**Your assignment**
Reproduce the entries that follow precisely, setting aside any images.

**Given information**
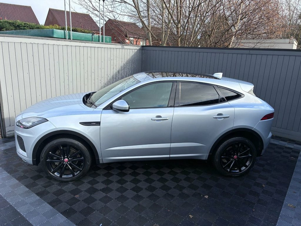 WOW, A SUPERB SPEC, AMAZING VALUE AND STUNNING LOOKING JAGUAR E-PACE AUTO IN A STUNNING SILVER. IF YOU ARE LOOKING FOR SOMETHING A LITTLE SPECIAL AND SOMETHING THAT HAS THE WOW FACTOR THEN STOP YOUR SEARCH. THIS CAR COMES WITH A FRESH 12 MONTH MOT AND SERVICE AT POINT OF SALE READY FOR ITS LUCKY NEW OWNER ALONG WITH HAVING 2 KEYS. I CAN SAY WITH CONFIDENCE THAT YOU WILL STRUGGLE TO FIND A CAR LIKE THIS ANYWHERE ON THE INTERNET AT SUCH GREAT VALUE AND IN THIS CONDITION. A TEST DRIVE AND VIEWING IS HIGHLY RECOMMENDED TO APPRECIATE THE CONDITION AND DRIVE SO PLEASE POP OVER AND COME AND MEET THE TEAM WHO WILL BE MORE TAHN HAPPY TO HELP WITH EVERY STEP OF YOUR NEW CAR PURCHASE. PLEASE POP OVER AND HAVE A LOOK AT OUR AUTO TRADER REVIEW PAGE AND SEE WHAT OVGER 1150+ CUSTOMERS HAVE HAD TO SAY ABOUT THEIR BUYING EXPERIENCE AND AFTER SALES PACKAGES WE OFFER AS CUSTOMER SATISFACTION IS OUR NUMBER ONE PRIORITY ALWAYS. WE ARE A GROWING FAMILY BUSINESS AND CUSTOMER CARE AND SATISFACTION IS PARAMOUNT TO OUR SUCCESS FREE DELIVERY CAN BE ARRANGED. LIVE OR RECORDED WALK AROUND VIDEO VIEWING CAN BE ARRANGED AND SENT DIRECTLY OVER TO YOU. 10in Touch Pro, 18-Way Heated Electric Memory Front Seat, 2-Zone Climate Control, 20in Alloy Wheels - 5 Split-Spoke Satin , 3-Flash Lane Change Indicators, 360 Degree Parking Aid, 60-40 Split Fold Rear Seat, ABS - Anti-locking Braking System, AM-FM Radio, ASPC - All Surface Progress Control, Adaptive Cruise Control with Queue Assis, Airbags - Front Side, Airbags - Full Length Side Window Curtai, Android Auto, Apple CarPlay, Approach Illumination, Auto High Beam Assist, Auto-Dimming - Power Fold - Heated Door , Auto-Dimming Interior Rear View Mirror, Automatic Headlights, Black Gearshift Paddles, Blind Spot Assist, Bluetooth Connectivity, Body Coloured Roof, Body-Coloured Door Claddings, Brig
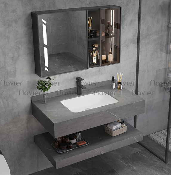 Bộ sản phẩm Bộ Bàn Đá Lavabo Âm Xám Vân Mây Navier NV-CB1134X này là sự kết hợp hoàn hảo giữa chậu lavabo âm bàn và bàn đá lavabo, vừa đẹp mắt, hài hòa lại tiết kiệm không gian sử dụng.
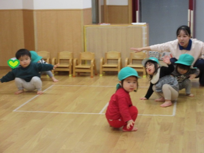 今日は、室内でリトミックをしました。 メロンチーム、スイカチームに分かれ、ピアノの音に 合わせて身体を動かすあひる組さんは、少し難しい 動きも保育者を見て、真似をしながらリトミックを 楽しんでいましたよ
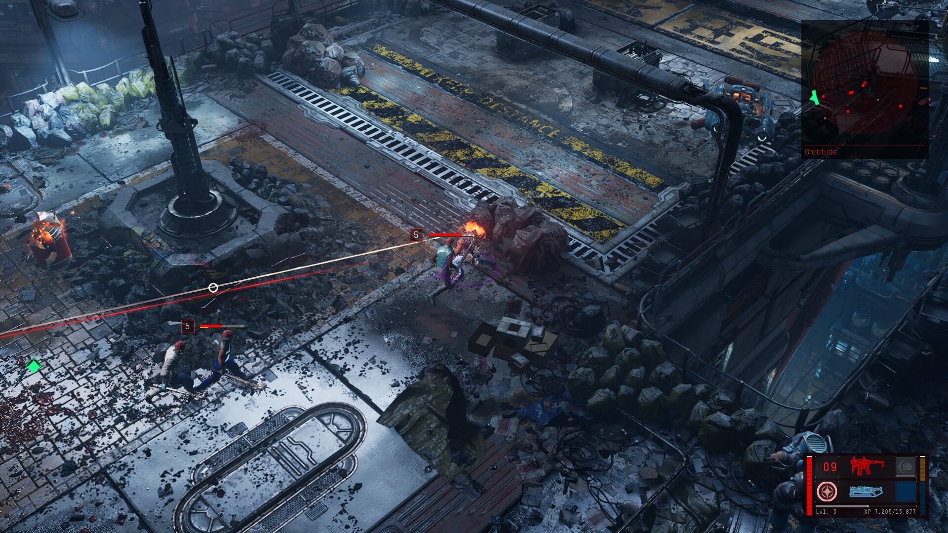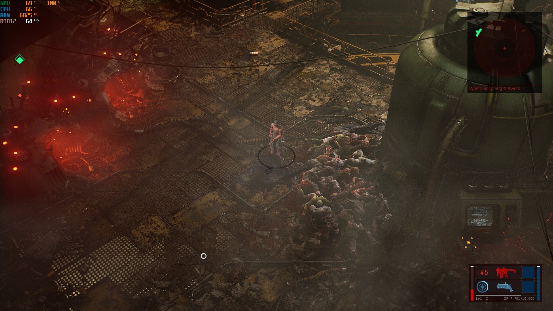 The Ascent’s shooting mechanics are incredibly smooth and explosive, regardless of whether you’re using the mouse and keyboard setup or a controller. Staying stationary while fighting is a recipe for disaster: you need to move around and dodge or crouch behind obstacles, especially when battling against bosses and foes firing off volleys of guided rockets. Plus, there are also melee enemies, ranging from pipe-wielding gangsters to feral aliens living in the waste disposal facility.
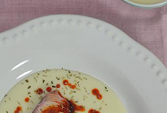 Para montar el plato, colocamos una base de crema de patata, unas rodajas de pulpo repartidas por encima y rematarlo con el aceite de pimentón.
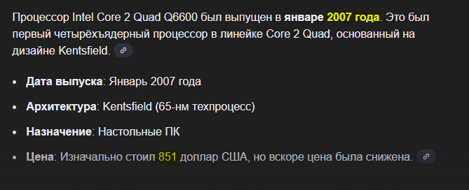 Корпус выкинул, потому что большой и неудобный. GeForce 9600 вынул. RTX 2060 потом перепродал в 2021 году по тройной цене. А в этот комп вставил GT 1030 чтобы просто смотреть ютуб в 4к. Пентиум Д заменил на i7-2600. Старый кулер заменил на новый тихий. 4 гига памяти заменил на 16. Вставил вай-фай 5G вместо провода. HDD заменил на SSD NVME 500 ГБ (через переходник PCI-e) + серверный HDD WD Red на 2 ТБ. Поставил Шиндошс 11. Потом сгорела мать. Купил новую, произведённую в 2024 году. Там уже был встроенный слот NVME. Старую клаву заменил на новую механику. Старую мышь — на новую беспроводную игровую 10к герц. В 2025м комп стал сам по себе выпадать в синий экран и перезагружаться. Заменил блок питания. Сегодня поменял старый монитор на новый HDR, 240 герц.
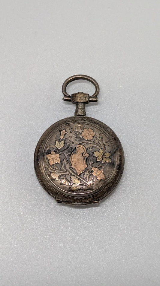 Antique Silver Key-Wound Engraved Pocket Watch
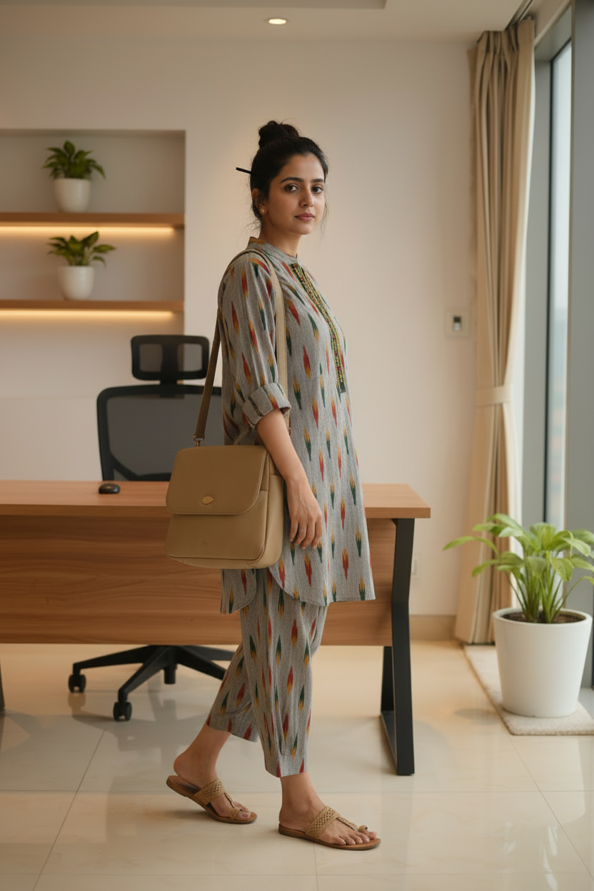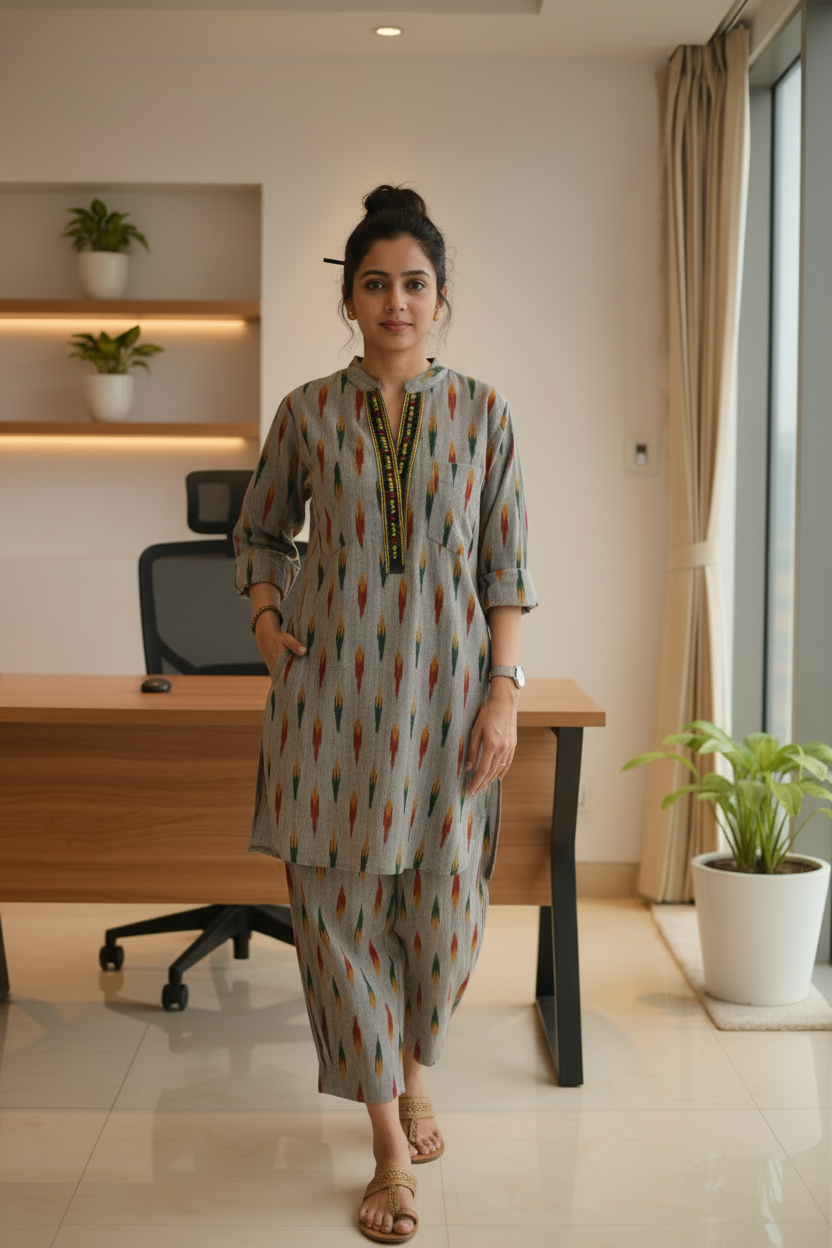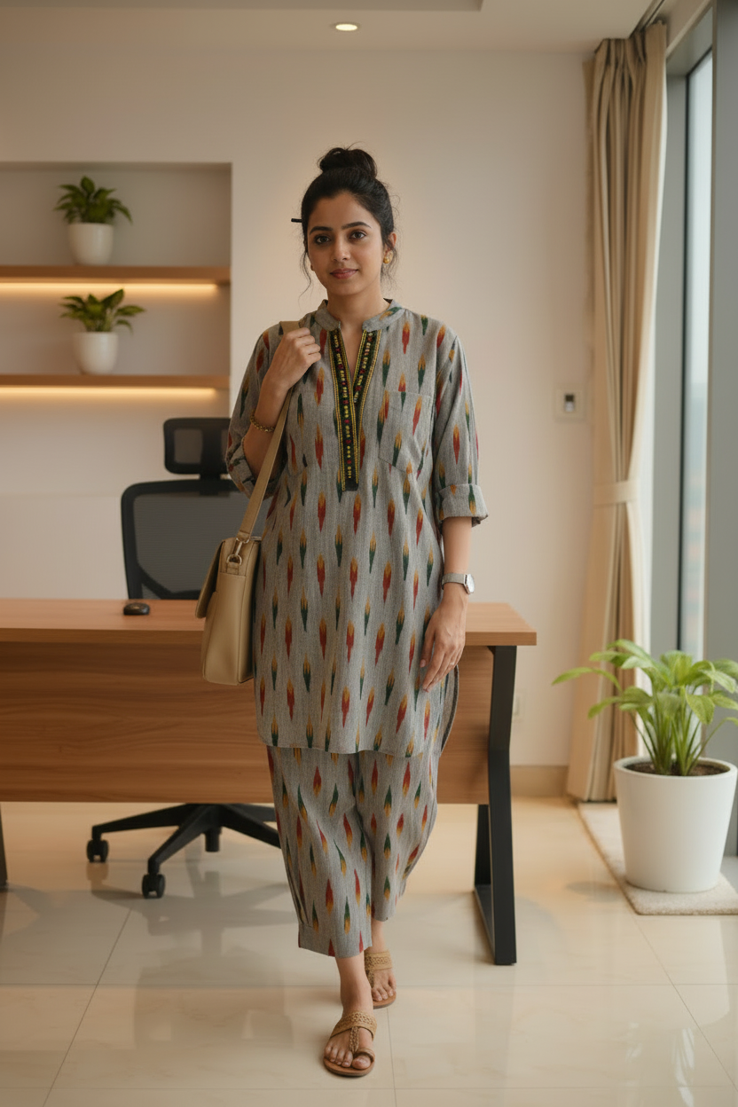 Tailored with care and woven with heritage, Pochampali Handloom Cord set is been sourced from Andra Pradesh. Brings handloom to the wardrobe. Handwoven over 15 days by Artisan Murti from Andra. This is 100% cotton Handloom Pochampali Fabric. Designed for comfort, style. Wear it to any get together out office wear.
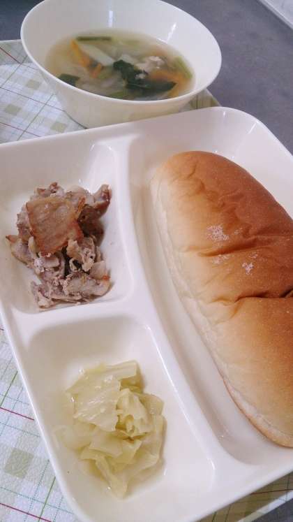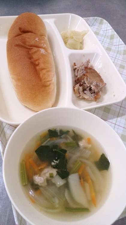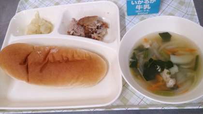 今日の給食は、鶏肉のガーリック焼き、スープ、サワーソテー、パン、牛乳です。

**Answer space**
 WOW, A SUPERB SPEC, AMAZING VALUE AND STUNNING LOOKING JAGUAR E-PACE AUTO IN A STUNNING SILVER. IF YOU ARE LOOKING FOR SOMETHING A LITTLE SPECIAL AND SOMETHING THAT HAS THE WOW FACTOR THEN STOP YOUR SEARCH. THIS CAR COMES WITH A FRESH 12 MONTH MOT AND SERVICE AT POINT OF SALE READY FOR ITS LUCKY NEW OWNER ALONG WITH HAVING 2 KEYS. I CAN SAY WITH CONFIDENCE THAT YOU WILL STRUGGLE TO FIND A CAR LIKE THIS ANYWHERE ON THE INTERNET AT SUCH GREAT VALUE AND IN THIS CONDITION. A TEST DRIVE AND VIEWING IS HIGHLY RECOMMENDED TO APPRECIATE THE CONDITION AND DRIVE SO PLEASE POP OVER AND COME AND MEET THE TEAM WHO WILL BE MORE TAHN HAPPY TO HELP WITH EVERY STEP OF YOUR NEW CAR PURCHASE. PLEASE POP OVER AND HAVE A LOOK AT OUR AUTO TRADER REVIEW PAGE AND SEE WHAT OVGER 1150+ CUSTOMERS HAVE HAD TO SAY ABOUT THEIR BUYING EXPERIENCE AND AFTER SALES PACKAGES WE OFFER AS CUSTOMER SATISFACTION IS OUR NUMBER ONE PRIORITY ALWAYS. WE ARE A GROWING FAMILY BUSINESS AND CUSTOMER CARE AND SATISFACTION IS PARAMOUNT TO OUR SUCCESS FREE DELIVERY CAN BE ARRANGED. LIVE OR RECORDED WALK AROUND VIDEO VIEWING CAN BE ARRANGED AND SENT DIRECTLY OVER TO YOU. 10in Touch Pro, 18-Way Heated Electric Memory Front Seat, 2-Zone Climate Control, 20in Alloy Wheels - 5 Split-Spoke Satin , 3-Flash Lane Change Indicators, 360 Degree Parking Aid, 60-40 Split Fold Rear Seat, ABS - Anti-locking Braking System, AM-FM Radio, ASPC - All Surface Progress Control, Adaptive Cruise Control with Queue Assis, Airbags - Front Side, Airbags - Full Length Side Window Curtai, Android Auto, Apple CarPlay, Approach Illumination, Auto High Beam Assist, Auto-Dimming - Power Fold - Heated Door , Auto-Dimming Interior Rear View Mirror, Automatic Headlights, Black Gearshift Paddles, Blind Spot Assist, Bluetooth Connectivity, Body Coloured Roof, Body-Coloured Door Claddings, Brig
 Bộ sản phẩm Bộ Bàn Đá Lavabo Âm Xám Vân Mây Navier NV-CB1134X này là sự kết hợp hoàn hảo giữa chậu lavabo âm bàn và bàn đá lavabo, vừa đẹp mắt, hài hòa lại tiết kiệm không gian sử dụng.
 今日は、室内でリトミックをしました。 メロンチーム、スイカチームに分かれ、ピアノの音に 合わせて身体を動かすあひる組さんは、少し難しい 動きも保育者を見て、真似をしながらリトミックを 楽しんでいましたよ
 The Ascent’s shooting mechanics are incredibly smooth and explosive, regardless of whether you’re using the mouse and keyboard setup or a controller. Staying stationary while fighting is a recipe for disaster: you need to move around and dodge or crouch behind obstacles, especially when battling against bosses and foes firing off volleys of guided rockets. Plus, there are also melee enemies, ranging from pipe-wielding gangsters to feral aliens living in the waste disposal facility.
 Para montar el plato, colocamos una base de crema de patata, unas rodajas de pulpo repartidas por encima y rematarlo con el aceite de pimentón.
 Корпус выкинул, потому что большой и неудобный. GeForce 9600 вынул. RTX 2060 потом перепродал в 2021 году по тройной цене. А в этот комп вставил GT 1030 чтобы просто смотреть ютуб в 4к. Пентиум Д заменил на i7-2600. Старый кулер заменил на новый тихий. 4 гига памяти заменил на 16. Вставил вай-фай 5G вместо провода. HDD заменил на SSD NVME 500 ГБ (через переходник PCI-e) + серверный HDD WD Red на 2 ТБ. Поставил Шиндошс 11. Потом сгорела мать. Купил новую, произведённую в 2024 году. Там уже был встроенный слот NVME. Старую клаву заменил на новую механику. Старую мышь — на новую беспроводную игровую 10к герц. В 2025м комп стал сам по себе выпадать в синий экран и перезагружаться. Заменил блок питания. Сегодня поменял старый монитор на новый HDR, 240 герц.
 Antique Silver Key-Wound Engraved Pocket Watch
 Tailored with care and woven with heritage, Pochampali Handloom Cord set is been sourced from Andra Pradesh. Brings handloom to the wardrobe. Handwoven over 15 days by Artisan Murti from Andra. This is 100% cotton Handloom Pochampali Fabric. Designed for comfort, style. Wear it to any get together out office wear.
 今日の給食は、鶏肉のガーリック焼き、スープ、サワーソテー、パン、牛乳です。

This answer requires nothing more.